→ **EXERCISE INSTRUCTIONS**
From the records below, copy out exactly the lines from the one containing "Làm ướt tóc" to the one containing "또, 양철판 조립식 컨테이너", both included. Add nothing else.

→ **DATA**
=====

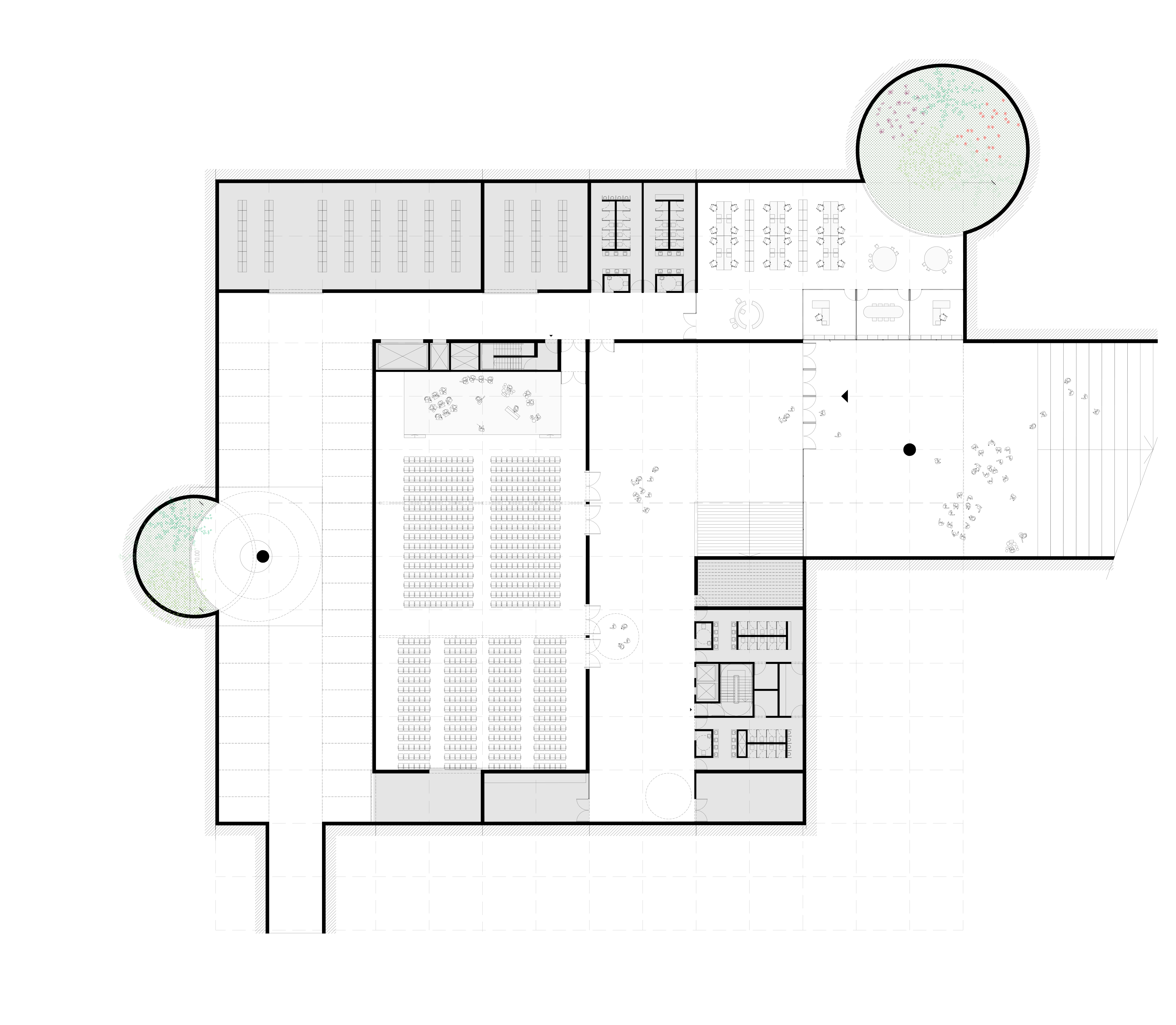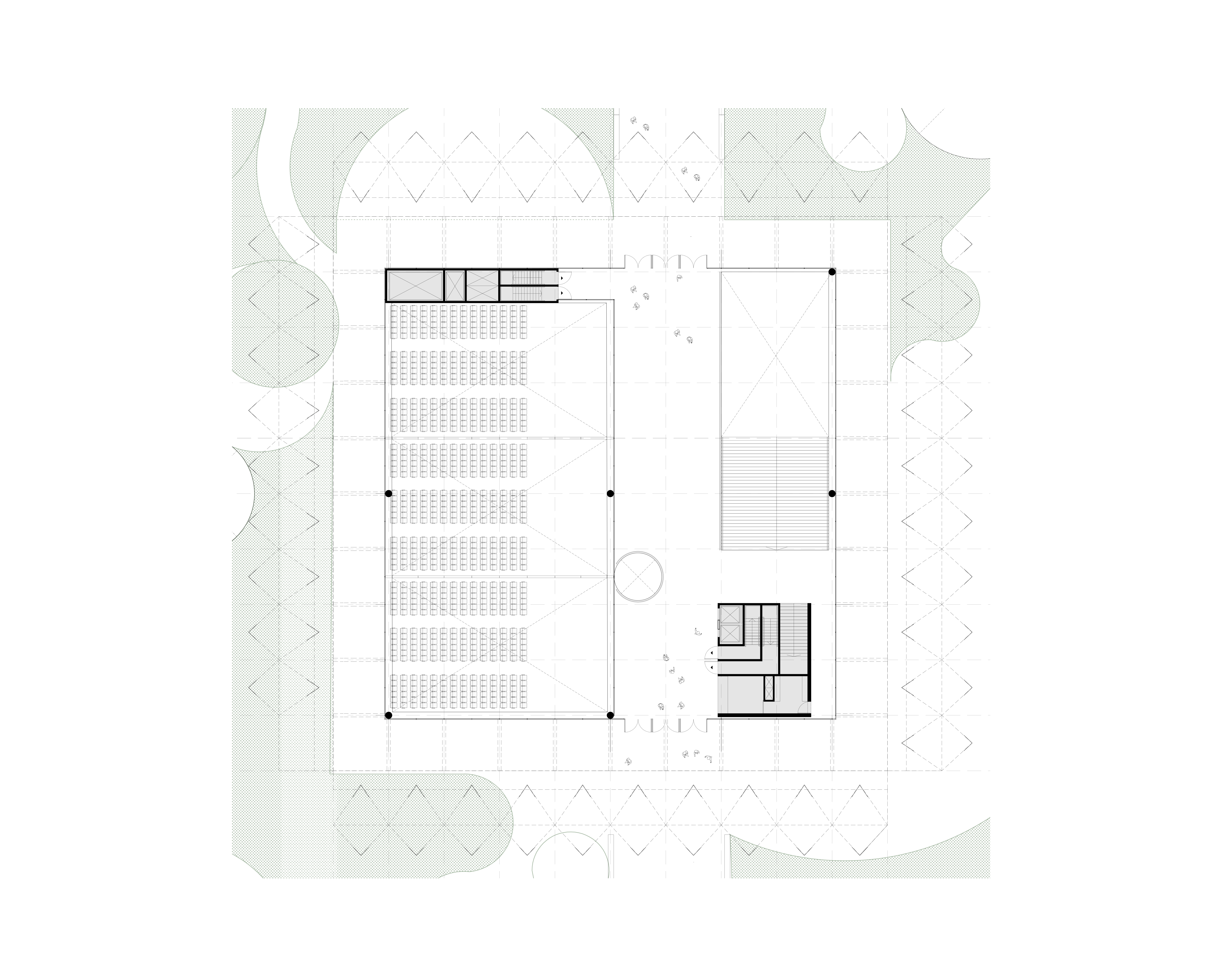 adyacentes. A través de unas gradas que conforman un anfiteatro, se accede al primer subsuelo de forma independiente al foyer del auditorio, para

=====

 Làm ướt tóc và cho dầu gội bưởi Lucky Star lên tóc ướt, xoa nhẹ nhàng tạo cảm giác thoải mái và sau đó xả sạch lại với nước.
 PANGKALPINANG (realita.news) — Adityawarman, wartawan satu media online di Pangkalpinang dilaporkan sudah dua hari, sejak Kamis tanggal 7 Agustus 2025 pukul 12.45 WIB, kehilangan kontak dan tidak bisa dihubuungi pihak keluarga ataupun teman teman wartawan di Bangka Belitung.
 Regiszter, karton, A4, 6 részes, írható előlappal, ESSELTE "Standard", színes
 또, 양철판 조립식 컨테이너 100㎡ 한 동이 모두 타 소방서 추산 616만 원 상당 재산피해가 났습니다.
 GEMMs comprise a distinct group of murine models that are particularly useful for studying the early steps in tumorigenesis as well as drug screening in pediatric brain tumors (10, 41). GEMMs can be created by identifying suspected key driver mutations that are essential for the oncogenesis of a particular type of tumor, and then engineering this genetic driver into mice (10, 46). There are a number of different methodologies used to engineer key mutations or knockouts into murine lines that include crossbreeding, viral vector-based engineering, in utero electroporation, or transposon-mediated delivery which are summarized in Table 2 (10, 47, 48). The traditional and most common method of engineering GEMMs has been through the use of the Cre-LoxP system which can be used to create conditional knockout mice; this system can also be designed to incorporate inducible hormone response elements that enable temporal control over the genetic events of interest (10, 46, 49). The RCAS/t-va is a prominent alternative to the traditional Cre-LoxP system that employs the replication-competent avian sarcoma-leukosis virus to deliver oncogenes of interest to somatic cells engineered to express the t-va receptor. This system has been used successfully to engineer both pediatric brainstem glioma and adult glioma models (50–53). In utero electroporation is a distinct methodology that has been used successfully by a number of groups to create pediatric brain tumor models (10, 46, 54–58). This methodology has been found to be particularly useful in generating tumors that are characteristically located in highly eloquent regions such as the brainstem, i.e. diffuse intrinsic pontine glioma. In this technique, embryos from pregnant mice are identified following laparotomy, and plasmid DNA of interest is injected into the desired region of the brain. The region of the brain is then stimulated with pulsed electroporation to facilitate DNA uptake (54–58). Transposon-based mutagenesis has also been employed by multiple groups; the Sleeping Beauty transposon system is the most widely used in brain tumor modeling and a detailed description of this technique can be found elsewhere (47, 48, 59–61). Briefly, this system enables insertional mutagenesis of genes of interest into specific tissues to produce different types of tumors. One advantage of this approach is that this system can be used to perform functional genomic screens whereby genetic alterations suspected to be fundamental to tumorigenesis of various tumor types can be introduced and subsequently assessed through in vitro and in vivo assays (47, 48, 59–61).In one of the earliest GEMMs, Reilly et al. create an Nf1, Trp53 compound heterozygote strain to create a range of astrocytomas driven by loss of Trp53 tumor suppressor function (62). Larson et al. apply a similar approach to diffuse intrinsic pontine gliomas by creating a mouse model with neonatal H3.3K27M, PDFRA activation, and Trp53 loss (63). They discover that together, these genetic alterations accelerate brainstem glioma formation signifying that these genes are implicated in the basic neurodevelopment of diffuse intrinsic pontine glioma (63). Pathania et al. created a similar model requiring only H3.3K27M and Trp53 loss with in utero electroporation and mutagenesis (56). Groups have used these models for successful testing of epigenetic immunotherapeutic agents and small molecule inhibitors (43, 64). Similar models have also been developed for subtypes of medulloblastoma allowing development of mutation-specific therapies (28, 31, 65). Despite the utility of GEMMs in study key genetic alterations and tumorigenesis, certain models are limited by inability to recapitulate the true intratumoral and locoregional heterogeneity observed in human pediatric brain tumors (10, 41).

=====

→ **SOLUTION FOR THIS TASK**
 Làm ướt tóc và cho dầu gội bưởi Lucky Star lên tóc ướt, xoa nhẹ nhàng tạo cảm giác thoải mái và sau đó xả sạch lại với nước.
 PANGKALPINANG (realita.news) — Adityawarman, wartawan satu media online di Pangkalpinang dilaporkan sudah dua hari, sejak Kamis tanggal 7 Agustus 2025 pukul 12.45 WIB, kehilangan kontak dan tidak bisa dihubuungi pihak keluarga ataupun teman teman wartawan di Bangka Belitung.
 Regiszter, karton, A4, 6 részes, írható előlappal, ESSELTE "Standard", színes
 또, 양철판 조립식 컨테이너 100㎡ 한 동이 모두 타 소방서 추산 616만 원 상당 재산피해가 났습니다.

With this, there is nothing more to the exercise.